Start of DATA IN THIS EXERCISE

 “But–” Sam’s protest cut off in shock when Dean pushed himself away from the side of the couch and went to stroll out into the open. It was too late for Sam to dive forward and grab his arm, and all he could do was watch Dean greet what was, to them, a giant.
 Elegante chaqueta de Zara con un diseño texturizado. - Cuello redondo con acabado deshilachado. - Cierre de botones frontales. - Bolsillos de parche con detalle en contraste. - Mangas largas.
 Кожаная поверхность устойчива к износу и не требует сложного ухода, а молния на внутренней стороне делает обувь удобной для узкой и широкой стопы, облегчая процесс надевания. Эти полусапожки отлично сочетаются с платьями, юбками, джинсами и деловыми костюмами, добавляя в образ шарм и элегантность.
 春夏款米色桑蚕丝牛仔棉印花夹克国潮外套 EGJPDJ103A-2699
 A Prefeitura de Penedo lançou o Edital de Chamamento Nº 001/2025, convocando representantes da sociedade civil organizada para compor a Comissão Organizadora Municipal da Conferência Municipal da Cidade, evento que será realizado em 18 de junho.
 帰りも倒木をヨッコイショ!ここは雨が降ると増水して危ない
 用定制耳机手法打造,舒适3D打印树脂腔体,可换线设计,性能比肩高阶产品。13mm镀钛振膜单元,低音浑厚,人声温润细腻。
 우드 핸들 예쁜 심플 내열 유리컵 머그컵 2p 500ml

End of DATA IN THIS EXERCISE
Start of DATA IN THIS EXERCISE

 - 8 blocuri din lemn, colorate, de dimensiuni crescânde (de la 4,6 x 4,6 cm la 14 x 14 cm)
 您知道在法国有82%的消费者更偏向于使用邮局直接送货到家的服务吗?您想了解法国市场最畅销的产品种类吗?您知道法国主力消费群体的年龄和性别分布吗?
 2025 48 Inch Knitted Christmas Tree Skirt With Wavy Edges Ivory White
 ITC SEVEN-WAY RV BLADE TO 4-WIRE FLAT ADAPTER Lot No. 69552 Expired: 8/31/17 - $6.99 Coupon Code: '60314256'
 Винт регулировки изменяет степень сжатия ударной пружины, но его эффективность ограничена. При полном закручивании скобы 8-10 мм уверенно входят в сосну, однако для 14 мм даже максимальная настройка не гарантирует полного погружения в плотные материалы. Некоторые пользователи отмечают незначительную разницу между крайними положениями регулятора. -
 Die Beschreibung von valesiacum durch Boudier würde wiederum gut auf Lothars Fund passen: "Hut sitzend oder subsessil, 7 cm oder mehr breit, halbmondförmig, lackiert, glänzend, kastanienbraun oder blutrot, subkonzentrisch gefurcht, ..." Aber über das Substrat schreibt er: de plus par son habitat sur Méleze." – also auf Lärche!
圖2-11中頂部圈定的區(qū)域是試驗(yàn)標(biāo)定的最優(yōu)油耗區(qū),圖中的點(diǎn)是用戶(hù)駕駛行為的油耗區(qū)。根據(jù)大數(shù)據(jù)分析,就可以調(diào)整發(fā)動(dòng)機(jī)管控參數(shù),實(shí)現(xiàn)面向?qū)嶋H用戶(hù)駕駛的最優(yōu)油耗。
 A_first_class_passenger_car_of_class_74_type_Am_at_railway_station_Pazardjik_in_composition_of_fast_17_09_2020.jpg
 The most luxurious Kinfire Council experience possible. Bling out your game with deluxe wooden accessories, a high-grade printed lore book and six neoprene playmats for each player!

End of DATA IN THIS EXERCISE
Start of DATA IN THIS EXERCISE

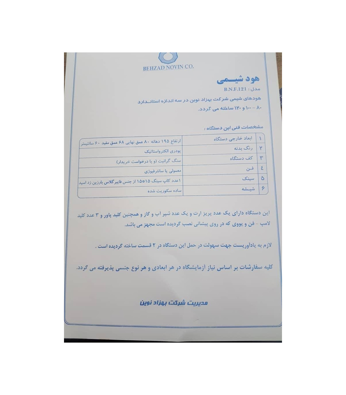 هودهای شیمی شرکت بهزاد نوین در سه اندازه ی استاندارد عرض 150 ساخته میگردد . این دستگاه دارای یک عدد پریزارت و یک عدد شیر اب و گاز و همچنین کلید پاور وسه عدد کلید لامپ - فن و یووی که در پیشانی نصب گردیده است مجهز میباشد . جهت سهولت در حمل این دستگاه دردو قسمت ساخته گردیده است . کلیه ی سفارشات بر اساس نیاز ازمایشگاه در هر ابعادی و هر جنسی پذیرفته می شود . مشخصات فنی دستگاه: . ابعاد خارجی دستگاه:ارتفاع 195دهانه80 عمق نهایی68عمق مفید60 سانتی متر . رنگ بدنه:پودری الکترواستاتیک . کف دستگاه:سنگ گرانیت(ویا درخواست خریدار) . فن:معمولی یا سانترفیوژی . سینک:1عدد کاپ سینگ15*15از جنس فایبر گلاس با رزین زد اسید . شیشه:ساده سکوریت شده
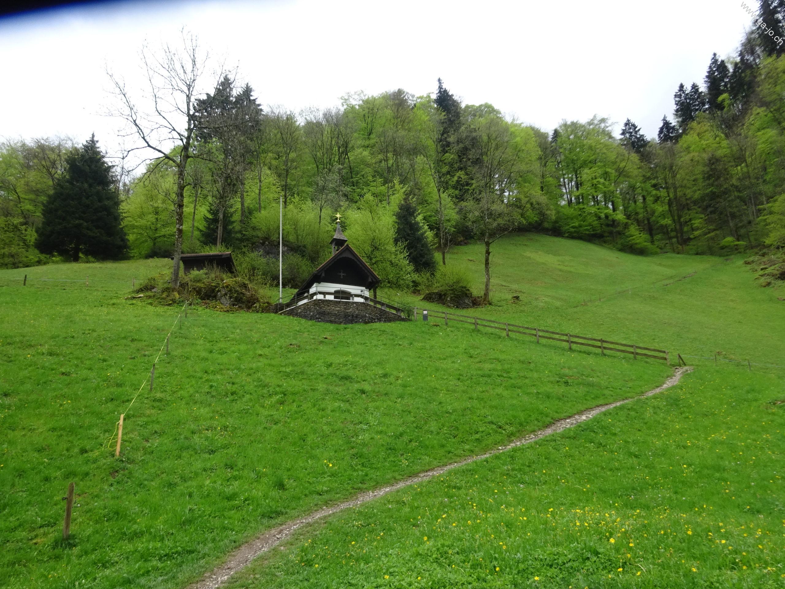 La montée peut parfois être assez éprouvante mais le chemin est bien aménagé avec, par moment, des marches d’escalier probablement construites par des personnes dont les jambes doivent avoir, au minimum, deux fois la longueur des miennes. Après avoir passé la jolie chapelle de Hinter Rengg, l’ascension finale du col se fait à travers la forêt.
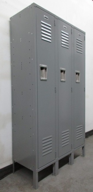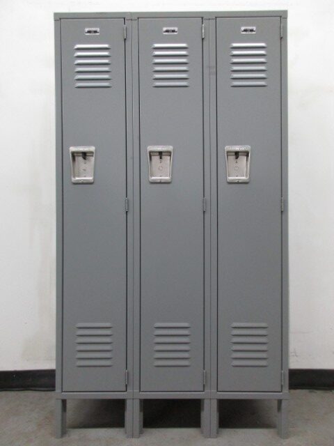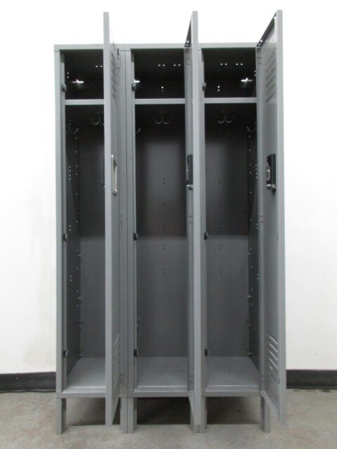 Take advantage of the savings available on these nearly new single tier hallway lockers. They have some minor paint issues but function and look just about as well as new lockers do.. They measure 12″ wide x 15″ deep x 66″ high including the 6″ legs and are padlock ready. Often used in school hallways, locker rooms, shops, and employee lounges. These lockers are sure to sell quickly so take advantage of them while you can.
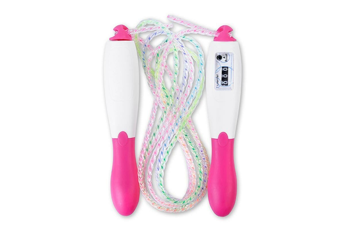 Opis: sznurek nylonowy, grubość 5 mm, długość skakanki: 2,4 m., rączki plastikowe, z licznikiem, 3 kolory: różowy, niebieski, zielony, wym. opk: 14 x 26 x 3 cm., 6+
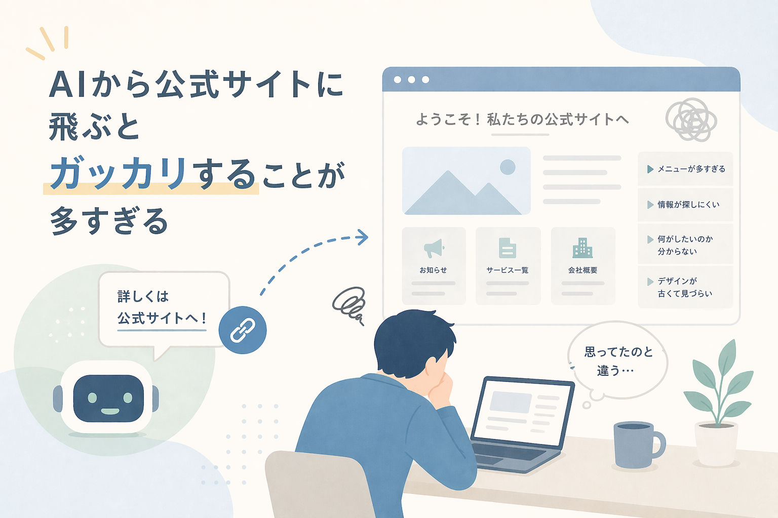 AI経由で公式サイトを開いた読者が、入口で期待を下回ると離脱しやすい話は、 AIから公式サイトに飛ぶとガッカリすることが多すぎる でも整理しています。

End of DATA IN THIS EXERCISE

YOUR INSTRUCTIONS = Restate word for word the entries above from the line with "them, a giant." through the line with "우드 핸들 예쁜 심플 내열 유리컵 머그컵 2p 500ml", inclusive, leaving out everything else.

REPLY =
 “But–” Sam’s protest cut off in shock when Dean pushed himself away from the side of the couch and went to stroll out into the open. It was too late for Sam to dive forward and grab his arm, and all he could do was watch Dean greet what was, to them, a giant.
 Elegante chaqueta de Zara con un diseño texturizado. - Cuello redondo con acabado deshilachado. - Cierre de botones frontales. - Bolsillos de parche con detalle en contraste. - Mangas largas.
 Кожаная поверхность устойчива к износу и не требует сложного ухода, а молния на внутренней стороне делает обувь удобной для узкой и широкой стопы, облегчая процесс надевания. Эти полусапожки отлично сочетаются с платьями, юбками, джинсами и деловыми костюмами, добавляя в образ шарм и элегантность.
 春夏款米色桑蚕丝牛仔棉印花夹克国潮外套 EGJPDJ103A-2699
 A Prefeitura de Penedo lançou o Edital de Chamamento Nº 001/2025, convocando representantes da sociedade civil organizada para compor a Comissão Organizadora Municipal da Conferência Municipal da Cidade, evento que será realizado em 18 de junho.
 帰りも倒木をヨッコイショ!ここは雨が降ると増水して危ない
 用定制耳机手法打造,舒适3D打印树脂腔体,可换线设计,性能比肩高阶产品。13mm镀钛振膜单元,低音浑厚,人声温润细腻。
 우드 핸들 예쁜 심플 내열 유리컵 머그컵 2p 500ml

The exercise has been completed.